If you’re not participating in your company’s 401(k) plan, your employer may have other ideas. The concept of 401(k) plan “re-enrollment” is gaining popularity and here’s all that you need to know because this can cost you your job!
A 401(k) plan is a retirement savings plan offered by many American employers that has tax advantages for the saver. It is named after a section of the U.S. Internal Revenue Code (IRC). The employee who signs up for a 401(k) agrees to have a percentage of each paycheck paid directly into an investment account. The employer may match part or all of that contribution. The employee gets to choose among several investment options, usually mutual funds.
Companies are more regularly choosing to automatically sweep workers into their workplace plan if they don’t currently participate in the 401(k) plan. It generally applies to new hires, and reenrollments typically apply to all workers who don’t currently save in the 401(k). Most companies, about 85%, direct workers’ savings into target-date funds if they’re automatically enrolled, according to PSCA data.

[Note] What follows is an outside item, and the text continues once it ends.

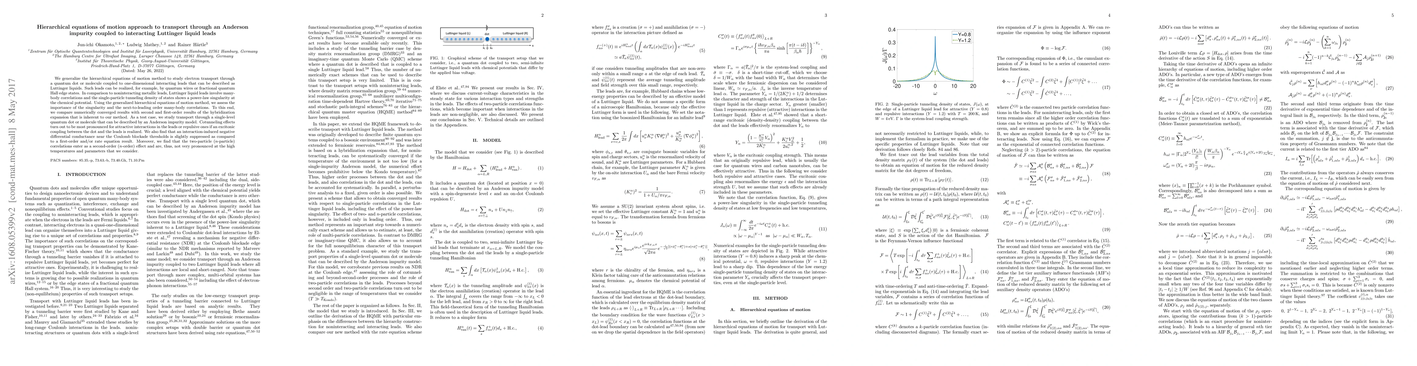 We generalize the hierarchical equations of motion method to study electron transport through a quantum dot or molecule coupled to one-dimensional interacting leads that can be described as Luttinger liquids. Such leads can be realized, for example, by quantum wires or fractional quantum Hall edge states. In comparison to noninteracting metallic leads, Luttinger liquid leads involve many-body correlations and the single-particle tunneling density of states shows a power-law singularity at the chemical potential. Using the generalized hierarchical equations of motion method, we assess the importance of the singularity and the next-to-leading order many-body correlations. To this end, we compare numerically converged results with second and first-order results of the hybridization expansion that is inherent to our method. As a test case, we study transport through a single-level quantum dot or molecule that can be described by an Anderson impurity model. Cotunneling effects turn out to be most pronounced for attractive interactions in the leads or repulsive ones if an excitonic coupling between the dot and the leads is realized. We also find that an interaction-induced negative differential conductance near the Coulomb blockade thresholds is slightly suppressed as compared to a first-order and/or rate equation result. Moreover, we find that the two-particle ($n$-particle) correlations enter as a second-order ($n$-order) effect and are, thus, not very pronounced at the high temperatures and parameters that we consider.

Workers receive a notification from their employer ahead of re-enrollments and have the chance to opt-out or reduce their contribution. Employers hope that inertia will cause workers to stay in the plan rather than opt-out.
Companies may also derive a long-term financial benefit from such policies. For example, better worker finances can boost employee productivity and happiness on the job and allow them to retire at a younger age, perhaps saving companies money on future payroll and health costs. Some employers may even reenroll workers who don’t contribute a baseline share of their paychecks.